Pablo Sandoval forgot how to run the bases, though he's usually good for one or two of those Pandaboners on the bases every year.
Until the 8th inning, the Giants offense had only two base runners since the first. To be fair, the Giants offense hasn't looked quite right all year, Buster Posey especially.
And then it all clicked when it needed to, sort of how you might script it.
Another quick aside -- my dirty little secret of this entire offseason was that I both wrote off and intentionally forgot about Hunter Pence. Think he's a swell guy and he's not the worst player to have on the team, but really had no expectation of him making a big difference for the offense.
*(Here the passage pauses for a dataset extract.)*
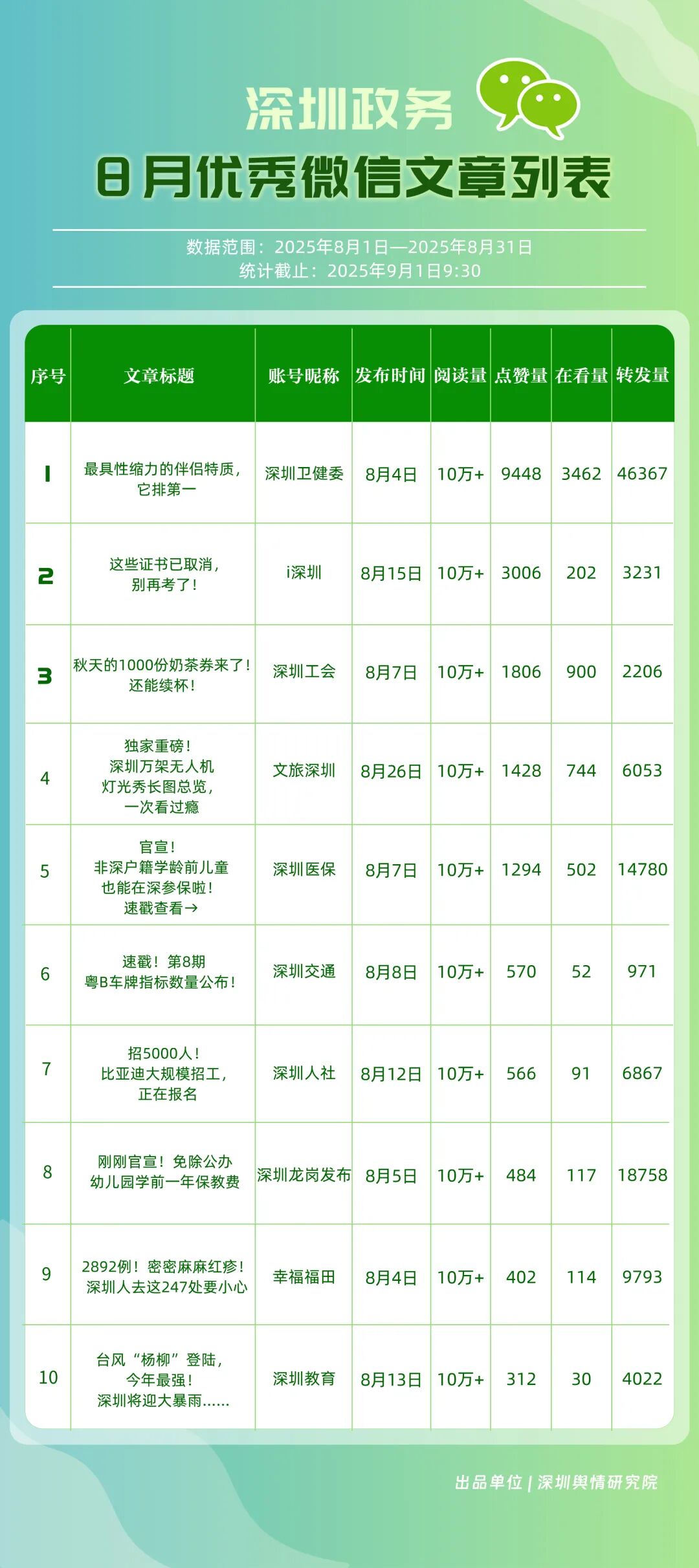 8月,30個(gè)政務(wù)微信公眾號(hào)入選“深圳優(yōu)秀政務(wù)微信公眾號(hào)”榜單,其中包括“深圳衛(wèi)健委”“深圳龍崗發(fā)布”“幸福福田”“i深圳”“創(chuàng)新南山”“深圳工會(huì)”“青春深圳”“深圳龍華”“深圳教育”“深圳光明”等。8月,“深圳衛(wèi)健委”66篇推文獲得超10萬(wàn)次閱讀,以滿分位于榜單首位;“深圳龍崗發(fā)布”積極傳遞民生信息,依托區(qū)域活動(dòng)開展宣傳,推動(dòng)傳播效果顯著提升,位居第二;“幸福福田”關(guān)注區(qū)域發(fā)展動(dòng)態(tài),排名第三?!癷深圳”“創(chuàng)新南山”“深圳工會(huì)”“青春深圳”等政務(wù)賬號(hào)在信息發(fā)布中不斷提升內(nèi)容豐富性,深耕優(yōu)質(zhì)服務(wù),評(píng)分在85分以上。上榜微信公眾號(hào)立足自身特色優(yōu)勢(shì),以精品內(nèi)容為核心競(jìng)爭(zhēng)力,在政務(wù)傳播領(lǐng)域樹立了標(biāo)桿形象,成為兼具影響力與公信力的示范樣本。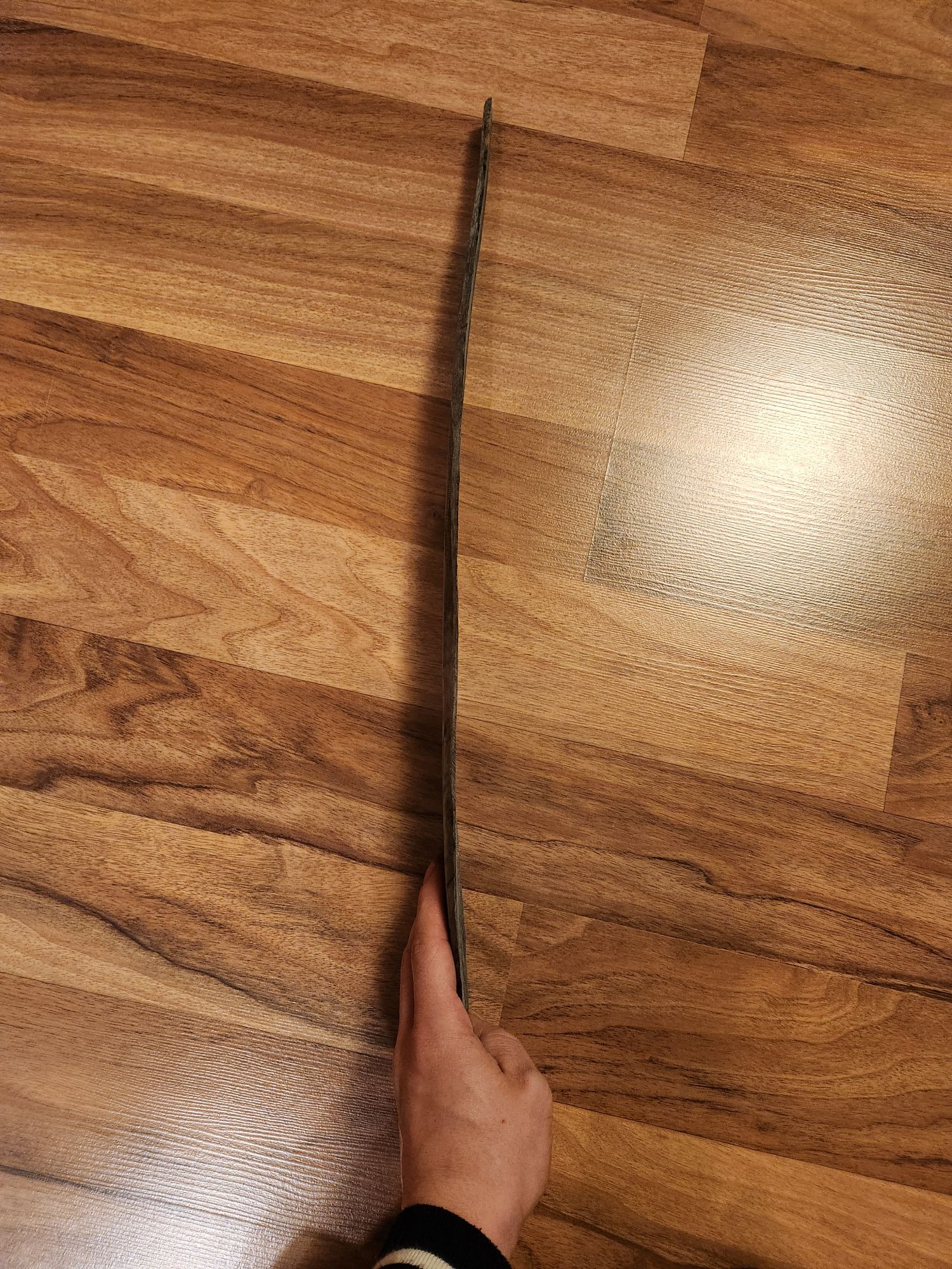 Zur Erklärung, ich hab ja meine damaligen Versuche alle mit Bambus gestartet weil ich da noch keinen Zugang zu frischem Holz hatte. Und da ich jetzt festgestellt hab dass das Holz was ich jetzt habe wohl Qualitativ einfach nicht ausreicht scheint es mir wieder Sinnvoll auf Bambus zurückzugreifen. Und vorm Spleißen hab ich ja auch immer Angst (was die Fertigungspräzision angeht) weshalb ich die Wurfarme aus einem durchgehenden Streifen machen werde und eine Griffschale vorne aufsetze. Ich weiß das ist auch etwas riskant aber ist mir im Moment sympathischer. Ich hab die Beschreibung für den Bau eines Koreanischen Kompositbogens im TBB 3 durchgelesen. Da steht dass nicht die Außenseite vom Bambus genommen wurde sondern dass da ein planer Streifen gefertigt wurde und dass das Bambus auf nur 3mm runtergearbeitet werden muss. Deshalb kam mir mein Bambuslaminat wieder in den Sinn, für das ich keine Verwendung hatte. Es hat genau die richtige Länge, 2 Streifen mit 2mm dicke. Und da der Griff ja relativ stark reflex gebogen werden muss und mir meine bisherigen biegeversuche mit Bambus immer in die Hose gingen, werde ich die beiden Streifen in einer Form laminieren.

Well, a booming, eye-popping three-run home run doesn't reverse my position, but it does make me see how ludicrous I was (well, let's face it, I'm pretty ludicrous even now). I still don't know how he hit that home run in LA, but I was more impressed by his shot tonight, just because of how authoritative it was. It made me think, "Oh yeah, right. Hunter Pence can be good and very useful to the lineup."
And yet another aside -- I wrote off CarGo and TuLo and DeLaRo, too, but only because I agreed with Grant's categorical banishment of the Rockies. These guys are great! De La Rosa is a known Giants "killer". Fowler had 4 home runs in six games heading into tonight and his flyout in the fifth was close enough to get my detergent encrusted hairs on the back of my neck to stand up. This game reminded me of a lot of stuff I had forgotten. Maybe remembering all this important baseball information is why I forgot my dryer sheets.
Oh right, the game.
So, the rough draft of the script I was talking about resolved in the way you'd expect. Buster Posey suddenly remembered how to activate insideoutswing.exe, which is why he's such a great force -- his power to all fields and ability to change his approach mid-plate appearance. Every player struggles, often many times over a season, and I don't think even Buster Posey is immune to the ups and downs of a swing. And we definitely know that the league isn't immune to Buster Posey when his swing is going well.
Santiago Casilla appeared to throw a two-seamer, some sort of filthy swing-and-miss pitch that Dexter Fowler (another fantastic player I and probably many others had forgotten about!) couldn't handle twice in his last plate appearance, and then Sergio Romo... oh Romo. So sweet. So amazing. So wondrous with your slider. And your slider. And the slidering slide of your sliding slider. RIP Chris Nelson. R. I. P.
*-Quick note about this quartet: three fellas and a lady. The fellas looked like: a Brazilian George Clooney, a Brazilian The Nerdy Lead Guy from Wet Hot American Summer, and a Brazilian James Van Der Beek. The lady looked like a Brazilian Janel Moloney. What was impressive about them was how they ran around the entire laundromat checking each machine and asking people how each machine worked and what made them "go" and what went "inside them" to "clean the clothing".